History & origins

Dreamcore seems to have always existed — that's part of its charm — but as a named subculture it has a recent birthday. Here's the timeline, from the precursors to the present.

Before the internet: the precursors

The feeling dreamcore chases is old. The painters found it first:

  • Giorgio de Chirico (1910s): empty Italian plazas, long shadows, infinite arcades and a light that matches no real hour.

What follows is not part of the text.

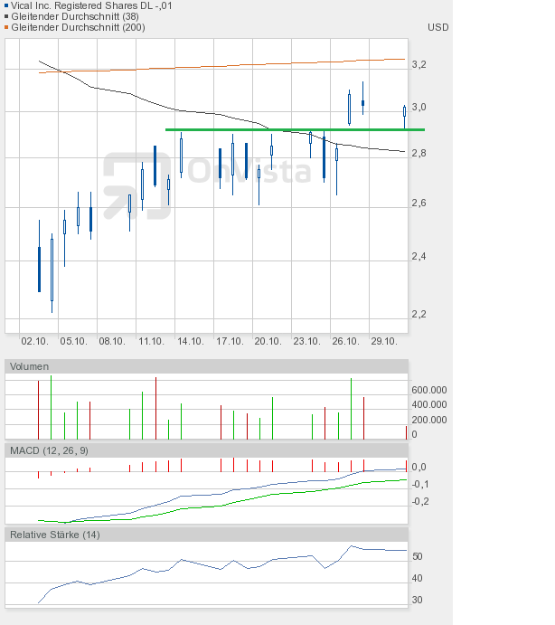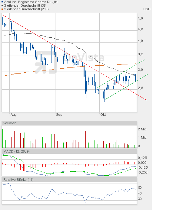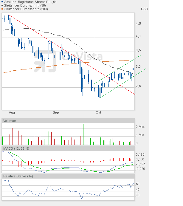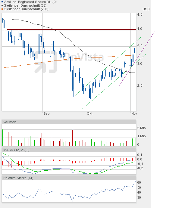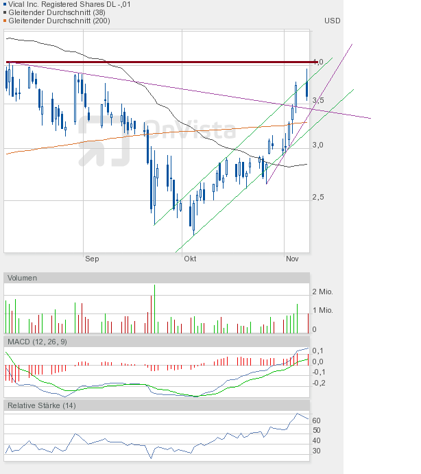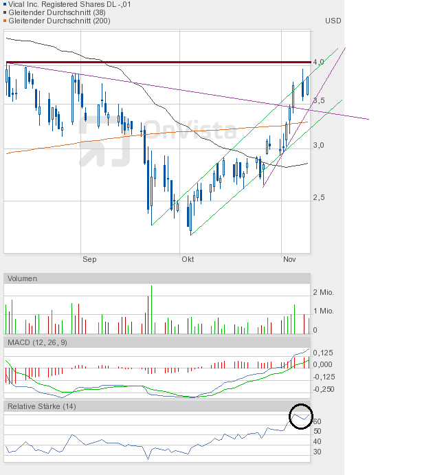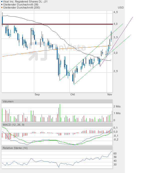 Vical hat es tatsächlich geschafft, aus dem Aufwärtstrend nach oben auszubrechen. Und nicht nur intraday, sondern auch auf Schlusskursbasis. Da muss man sich erst die Augen reiben, um sicher zu sein, dass man sich nicht verguckt hat. Wie ich schon erwähnte, sehe ich diesen Ausbruch als Übertreibung an und gehe ganz klar davon aus, dass wir uns ziemlich am Ende der Rally befinden. Das schließt aber nicht aus, dass wir noch die 4-Dollar-Marke erreichen können, zumal, wie gesagt, ein Schlusskurs oberhalb des Aufwärtstrendkanals vorliegt. Das schreit förmlich nach 4$.

His "metaphysical painting" is, no exaggeration, liminal spaces a century early.
  • René Magritte: daytime skies over nighttime streets (The Empire of Light), everyday objects in impossible contexts. Gentle surrealism, without the nightmare.
  • Edward Hopper: gas stations, diners and hotel rooms where loneliness is the main character.

And video games found it by accident: the empty interiors of Super Mario 64 (1996), the corridors of LSD: Dream Emulator (1998), the whole dream world of Yume Nikki (2004), probably the work most often cited as "dreamcore before dreamcore". More on this in games & media.

2019: the founding year

Two things happen almost at once:

APRIL 2019 — r/LiminalSpace

The community devoted to "liminal space" photos takes hold on Reddit: empty places of passage that produce an unsettling familiarity. The tag existed before on Tumblr and scattered threads, but here it becomes a photographic genre with its own rules.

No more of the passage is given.